Today, April 4th, is the Megalesia-the festival to the great mother Goddess, Cybele. Cybele is considered the original Earth Goddess, she has a possible precursor in the earliest neolithic at Çatalhöyük (in the Konyaregion) where the statue of a pregnant goddess seated on a lion throne was found in a granary. She is Phrygia's only known goddess, and was probably its state deity. Her Phrygian cult was adopted and adapted by Greek colonists of Asia Minor and spread from there to mainland Greece and its more distant western colonies from around the 6th century BCE.
The Megalesia festival to Magna Mater commenced on April 4, the anniversary of Cybele’s arrival in Rome. The festival lasted for six days, the mood of this festival, like that of the whole month in which it took place, was full of general rejoicings and feasting. It was usual for the wealthy Romans on this occasion to invite one another mutually to formal meals, and the extravagant habits and the good living during these festive days were probably carried to a very high level.
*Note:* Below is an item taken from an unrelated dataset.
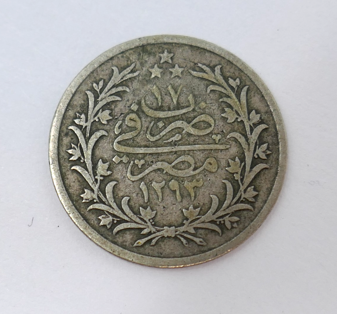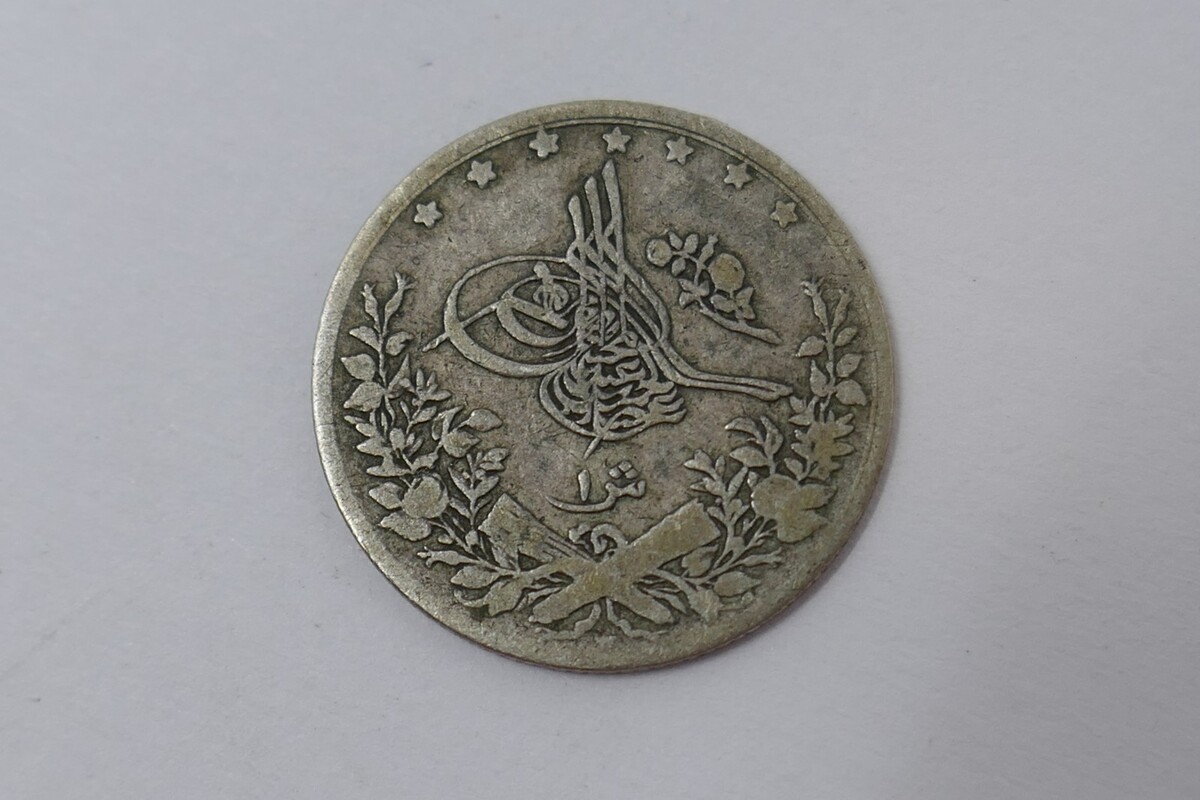 - Egypt 1309 (1892) Abdul Hamid ll 20 Qirsh Silver Coin

Cybele as the thirteenth deity of an otherwise symmetrical, classic Greco-Roman zodiac, in which each of twelve zodiacal houses (represented by particular constellations) is ruled by one of twelve deities, known in Greece as the Twelve Olympians and in Rome as the Di Consentes. Manilius has Cybele and Jupiter as co-rulers of Leo (the Lion), in astrological opposition to Juno, who rules Aquarius. Modern scholarship remarks that as Cybele's Leo rises above the horizon, Taurus (the Bull) sets; the lion thus dominates the bull.
Some of the possible Greek models for Cybele's Megalensia festival include representations of lions attacking and dominating bulls. The festival date coincided, more or less, with events of the Roman agricultural calendar (around April 12) when farmers were advised to dig their vineyards, break up the soil, sow millet "and - curiously apposite, given the nature of the Mother's priests - castrate cattle and other animals.
The Oracle of Delphi brought Cybele to Rome, so the act of divining the future is associated with her. Pay tribute to the all-powerful Goddess today. Follow the noisy precedent established by her worshipers over two thousand years ago and clash some cymbals, shake a tambourine, or bang a drum as you invoke the Great Mother.